- Occupation: Chief executive officer of Common Sense Networks

= Eric Berger (media executive) =

American media executive

Eric Berger is an American media executive. He co-founded and is the CEO of Common Sense Networks, the for-profit arm of Common Sense Media.

== Career ==
Berger joined Time Warner as a corporate vice president of strategic planning where he was responsible for wireless initiatives and the creation of business growth. In 2006, Berger joined Sony Pictures as a vice president of mobile entertainment and digital networks, running the mobile publishing and distribution business. In May 2008, he became the general manager of Crackle (formerly known as Grouper), Sony's ad-supported video streaming service.

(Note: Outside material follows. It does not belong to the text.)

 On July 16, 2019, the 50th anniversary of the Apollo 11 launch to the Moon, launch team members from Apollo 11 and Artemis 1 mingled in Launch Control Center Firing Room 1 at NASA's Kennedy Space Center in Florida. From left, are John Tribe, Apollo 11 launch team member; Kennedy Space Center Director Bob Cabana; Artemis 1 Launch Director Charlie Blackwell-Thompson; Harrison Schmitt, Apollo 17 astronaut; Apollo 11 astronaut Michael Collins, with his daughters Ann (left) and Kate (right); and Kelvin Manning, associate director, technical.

In 2017, Berger was named Chief Digital Officer for Sony Pictures Television Networks, and in 2018, he became the head of Sony's Direct-To-Consumer Unit, which included oversight of Funimation, Crackle, Film1 OTT and Animax.

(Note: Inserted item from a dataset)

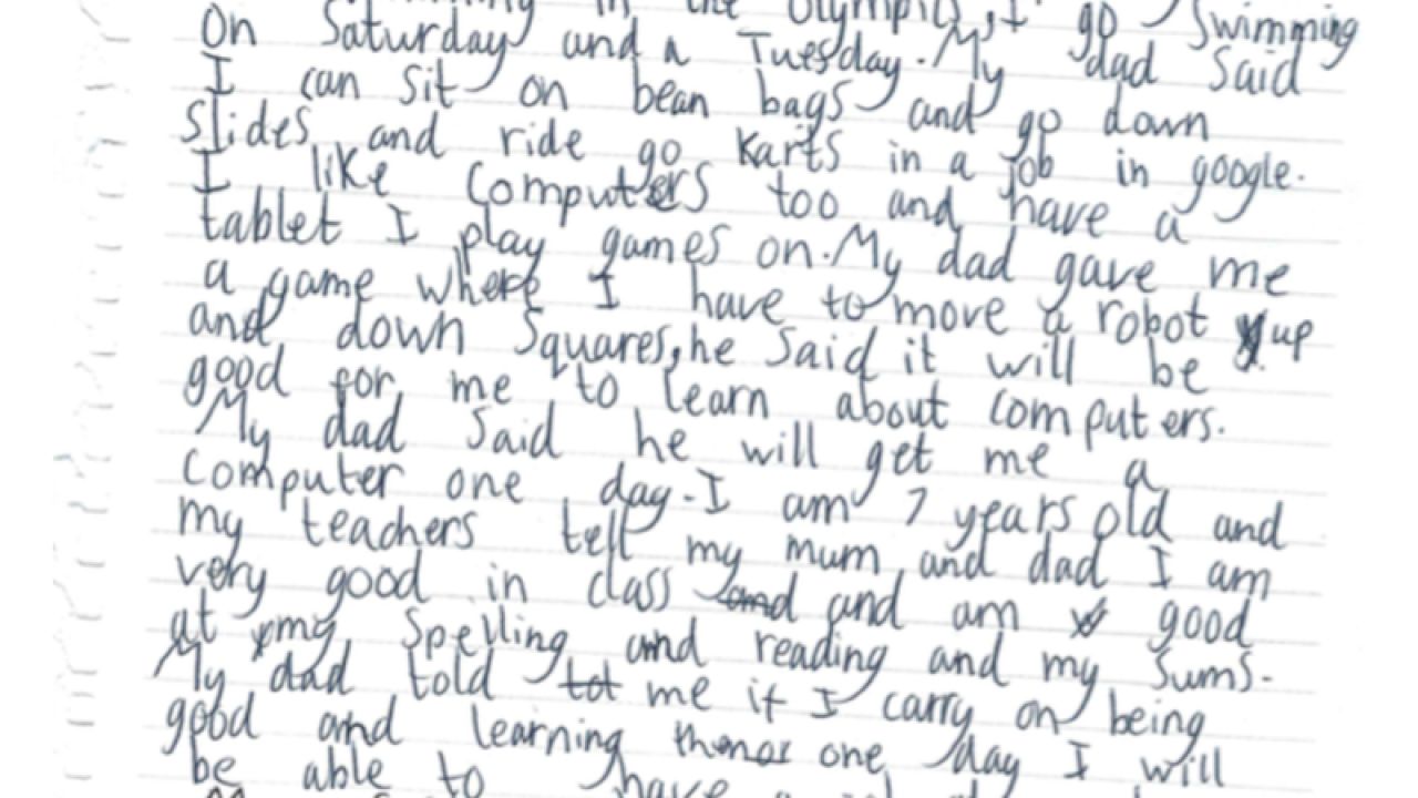 Mi padre dice que me dará un ordenador un día. Tengo siete años y mis profesores le han dicho a mi madre y mi padre que soy muy buena en clase y que soy muy buena en el deletreo, leyendo y en las sumas.

In 2020, Berger left Sony for Common Sense Media, where he co-founded Common Sense Networks and became its CEO. In December 2020, he launched Sensical TV, a free streaming service for children aged 2 to 10.

== Recognition ==
In 2015, Berger was named one of Varietys 30 Digital Entertainment Execs to Watch. In 2016, he was included in The Hollywood Reporters Silicon Beach 25 list of Los Angeles digital players.